J.-P. Augier : L’association Patrimoine huguenot d’Ardèche a déjà une longue histoire, puisqu’elle est née en 1995 ; son but n’étaitil pas d’empêcher une perte irréversible de la mémoire huguenote ?
D. Picheral : À l’époque de la fondation de notre association, il y avait deux motivations. L’une était, en effet, malgré les témoignages écrits que nous possédions, le risque d’une perte de la mémoire huguenote en Ardèche. L’autre motivation était liée aux questions que posaient les touristes, à cause sans doute de la visibilité du protestantisme dans le paysage. Parmi ces touristes, il y avait aussi des descendants de protestants qui avaient émigré dans les pays du Refuge, et qui voulaient en savoir plus sur leurs ancêtres.
— Cela explique que votre association a privilégié la résistance huguenote pendant la période du Désert ?
— Marc Autrand, le fondateur de Patrimoine huguenot d’Ardèche, était très attaché à la période du Désert car il jugeait passionnant de faire revivre la résistance obstinée et pacifique des réformés de la province du Vivarais, qui coïncide avec l’actuel département de l’Ardèche. Mais depuis, notre association s’est intéressée à d’autres périodes. Par exemple, on a évoqué les darbystes, très présents en Ardèche, dont les origines remontent au XIXe siècle. Notre association s’est intéressée aux soldats protestants pendant la Première Guerre mondiale. Nous avons aussi évoqué une période plus récente, l’accueil des juifs par les protestants ardéchois, leurs participations à la résistance, notamment à Vernoux, où plusieurs protestants ont été arrêtés, dont le pharmacien du village, à cause de leur activisme anti-vichyssois et anti-nazi. Nous avons aussi essayé de comprendre comment le protestantisme s’est assez soudainement implanté en Vivarais au XVIe siècle.
— Ces récits du Désert n’ont-ils pas expliqué l’attitude des protestants ardéchois pendant la période de Vichy et l’occupation nazie ?
— Ce n’est évidemment pas un hasard si beaucoup de protestants ont accueilli des juifs et ont participé à la Résistance. En Ardèche, les protestants étaient républicains grâce justement à cette mémoire huguenote. Ils votaient même à gauche, voire très à gauche. Cette posture politique, originale dans un milieu rural réputé conservateur, a duré jusqu’aux années 1970-1980.
— Cela veut dire que la tradition de résistance n’a pas survécu aujourd’hui ?
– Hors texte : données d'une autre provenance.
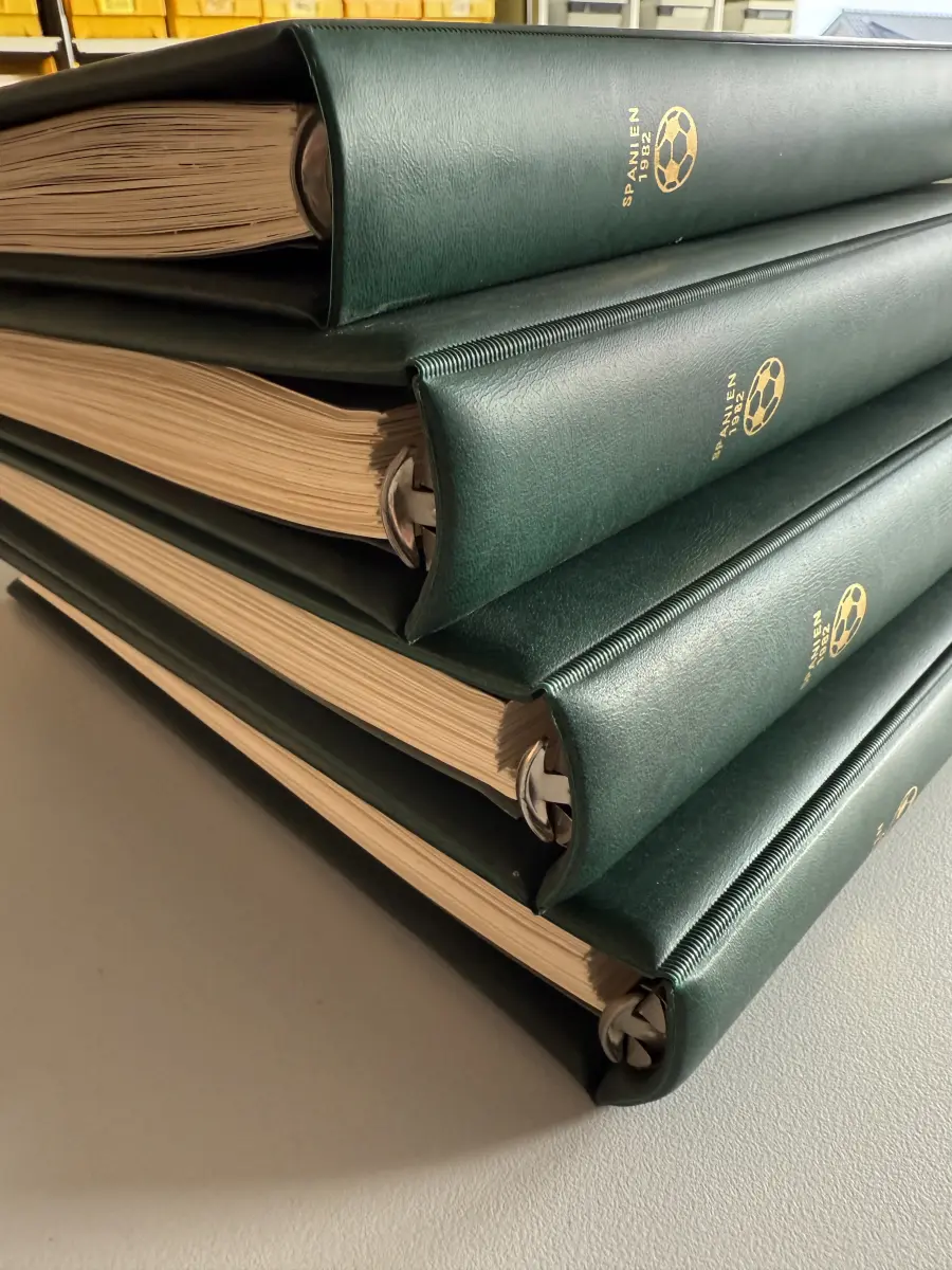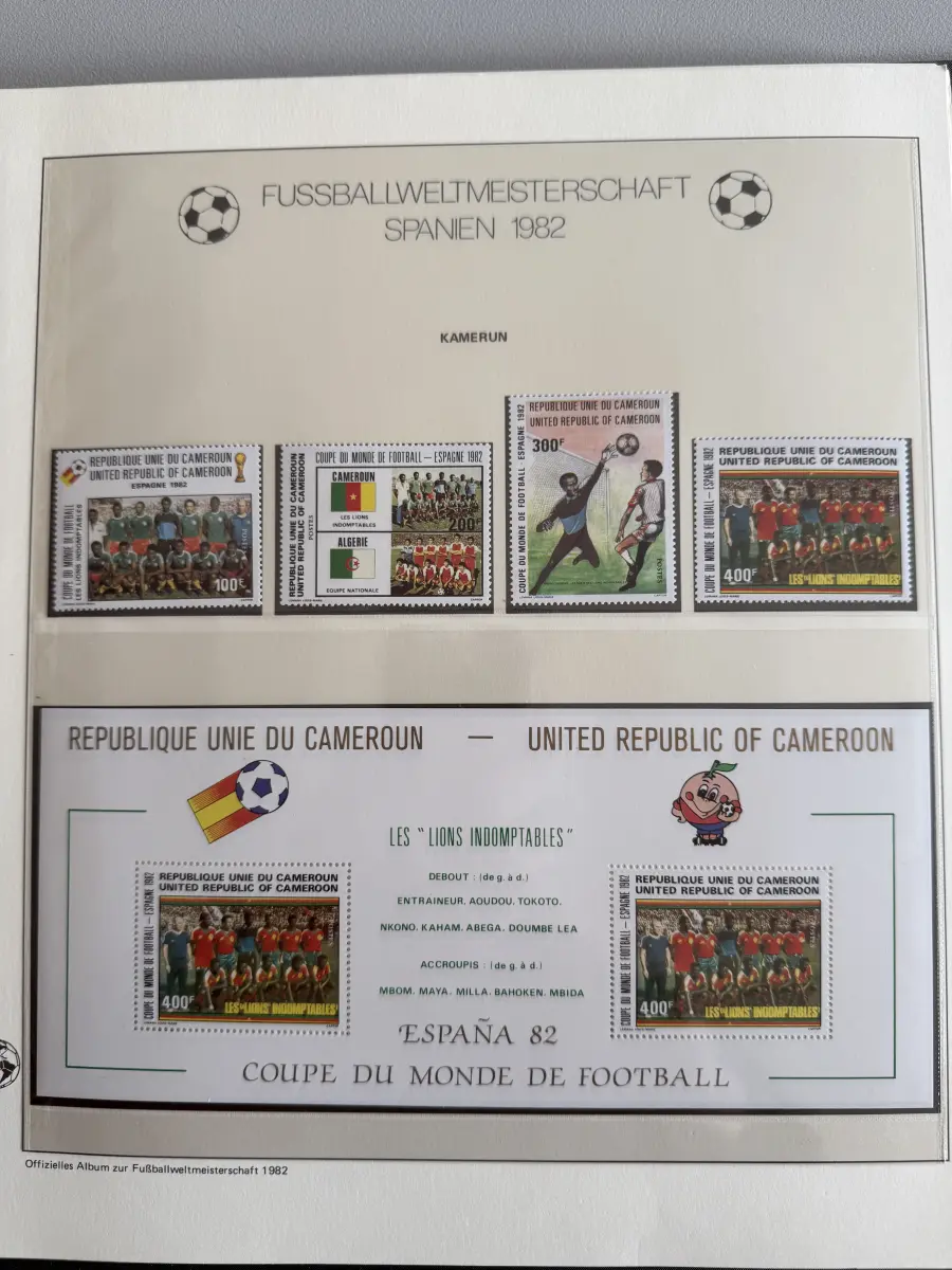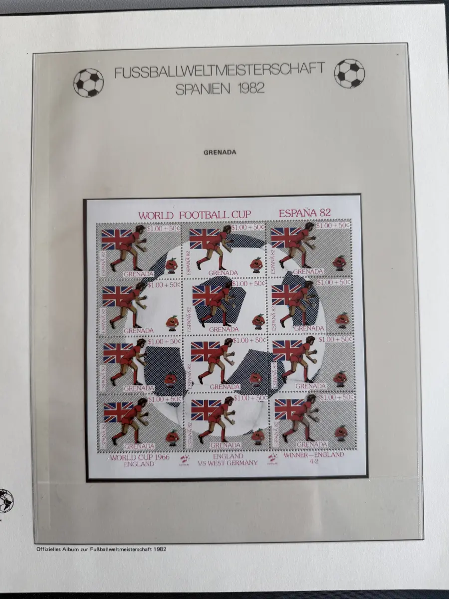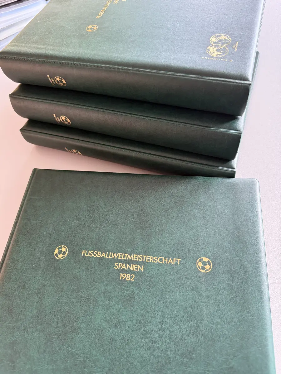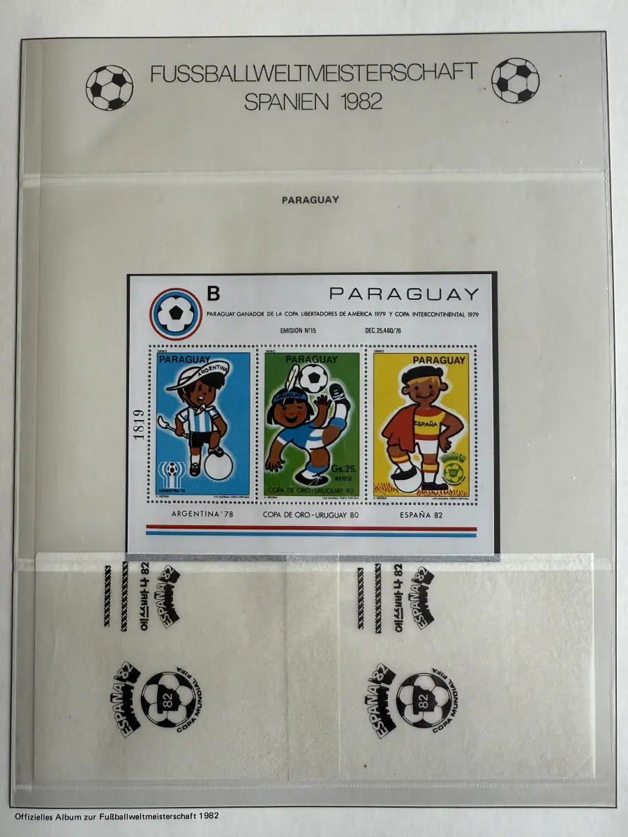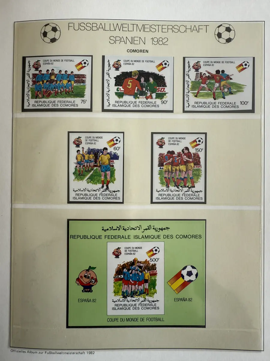 Sammlung zur Fußball-Weltmeisterschaft 1982 in Spanien, in vier prallvollen offiziellen FIFA-Vordruckbindern nach Sieger-Abo gesammelt. Die gut erhaltenen grünen Lindner-T-Vordruckbinder zeigen alle die passende Goldprägung. Auf über 240 Vordruckblättern finden sich die postfrischen Briefmarken und Blöcke von Andorra bis Zentralafrika, die zu diesem Anlass erschienen sind - ergänzt mit interessanten Belegen. Von einigen Ausgaben sind auch die teuren ungezähnten Parallel-Ausgaben enthalten. Der Abopreis war gigantisch!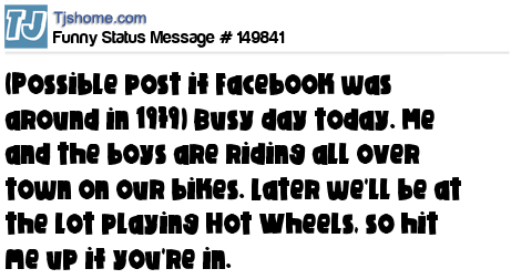 X (Possible post if Facebook was around in 1979) Busy day today. Me and the boys are riding all over town on our bikes. Later we'll be at the lot playing Hot Wheels, so hit me up if you're in.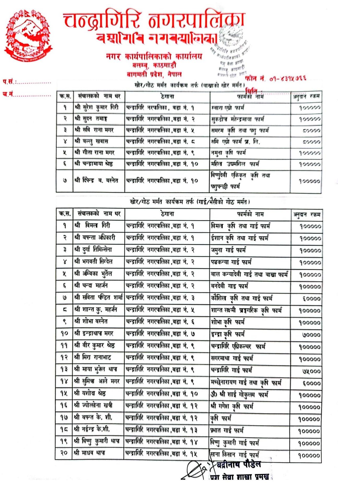 चन्द्रागिरि नगरपालिकाले चालु आर्थिक वर्षको स्वीकृत कार्यक्रम अनुसार मलखाद व्यवस्थापन तथा खोर गोठ मर्मत कार्यक्रमका लागि नगर क्षेत्रका ५० वटा कृषि फार्मलाई नगद अनुदान दिने भएको छ ।

— Je réponds avec prudence car j’ai l’impression que cette mémoire de résistance est en train de disparaître pour plusieurs raisons : la baisse démographique des protestants en Ardèche, des pasteurs qui ne se sentent pas toujours concernés par ce passé, surtout ceux qui sont de sensibilité évangélique. La sécularisation joue aussi son rôle ainsi que l’arrivée de populations qui n’ont pas la mémoire de ce passé, même si, parmi les personnes qui s’installent en Ardèche, quelques-unes vont s’intéresser à l’histoire huguenote.
Et pourtant, à Saint-Sauveur-de-Montagut, il y a quelques années, en septembre 2009, la mémoire huguenote s’est à nouveau manifestée. Un Tunisien, sans papiers, a été arrêté pour être expulsé alors qu’il vivait dans le village depuis quatre ans. Cela a mis les habitants en émoi d’autant que son arrestation s’est déroulée dans un lieu qui était tout un symbole, au bas d’un appartement où des juifs avaient été cachés pendant l’occupation. La réaction de la population a été très forte et a permis le retour de ce Tunisien. Le député a dit que, s’il y avait un lieu où il ne fallait pas faire cela, c’était dans cette vallée protestante des Boutières, où se situe le village de Saint- Sauveur-de-Montagut. Des réformés ont été très actifs, ainsi que le curé du village. Mais il faut ajouter que cette affaire a aussi divisé les habitants, dans la paroisse protestante, et surtout dans la paroisse catholique, à cause de l’engagement de leur curé.